Her background was impoverished, as her father left when she was only three. By the time she had reached her mid teens she was working to support her family. Her inspiration for being an educator began when she was taught at a young age by her sister. Her work was very influenced by Romelio Ureta, the love of her life, who committed suicide in 1909. This traumatic event caused Mistral to open her perspectives about death; this is evident in her first award-winning piece, Sonnets of Death, which won her the Juegos Florales contest.
After working as a school teacher, education reformer and increasingly well-known poet, Gabriela Mistral was invited to Mexico in 1922 by the country's Minister of Education to work on a plan to reform libraries and school systems. She published Desolación that year and Lecturas para Mujeres the following year.

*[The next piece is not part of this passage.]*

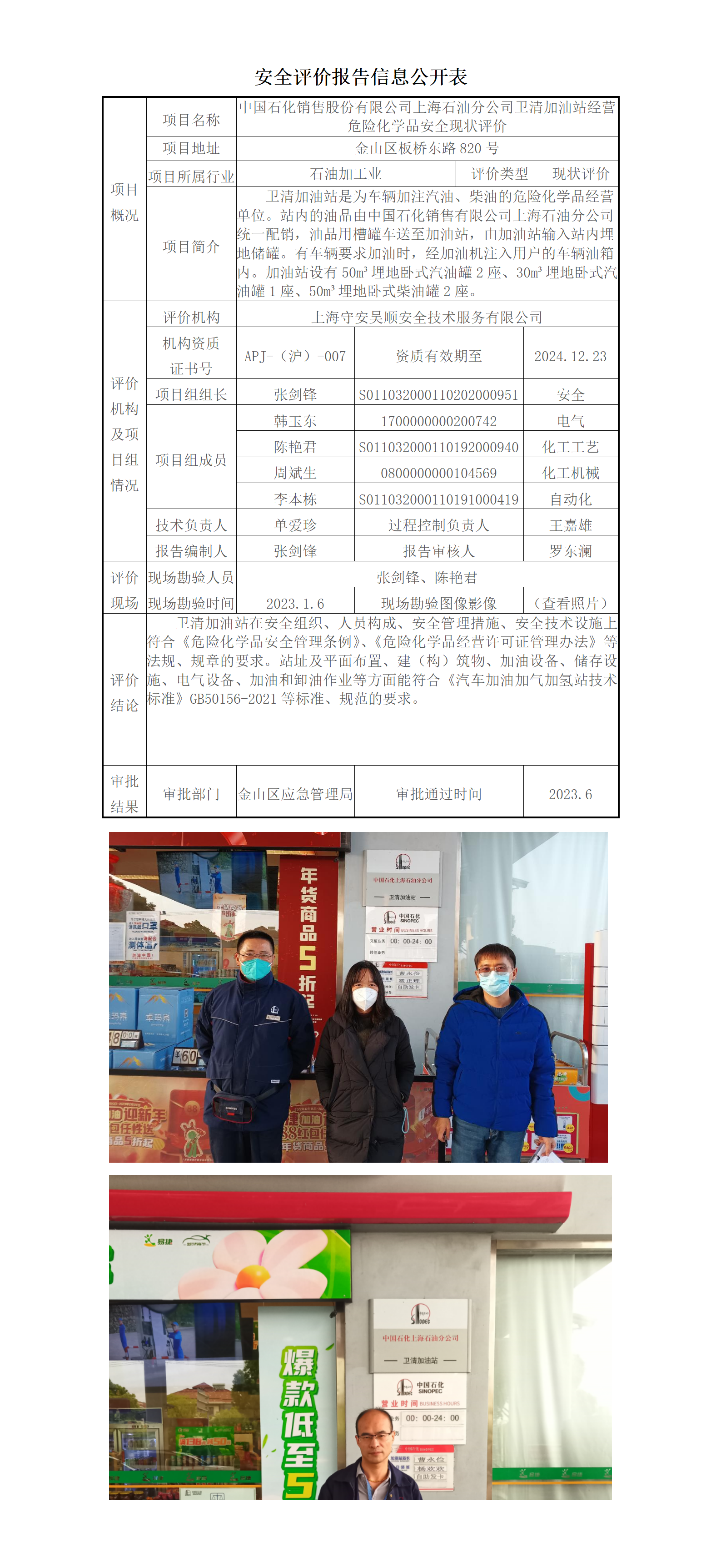 中国石化销售股份有限公司上海石油分公司卫清加油站安全现状评价

Her international fame led to lectures at prestigious universities throughout the Americas and Europe. In 1924, as she traveled in Europe, she published Ternura, a collection of lullabies. In 1926, she retired from education and took a position in the League of Nations. She worked on conferences all around Europe and then became a consul from 1932 until she died. During this time period she produced hundreds of articles to the Spanish speaking world. In 1938, she published Tala, her second volume of poetry. Her final volume of poetry, Lagar, was published in 1954.
Gabriela Mistral Works
- Sonetos de la muerte (1914)
- Desolación (1922)
- Decalago del artista (1922)
- Lecturas para mujeres (1923)
- Ternura (1924)
- Nubes blancas y breve descripción de Chile (1934)
- Tala (1938)
- Antología (1941)
- Lagar (1954)
- Recados contando a Chile (1957)
- Poema de Chile (1967; published posthumously)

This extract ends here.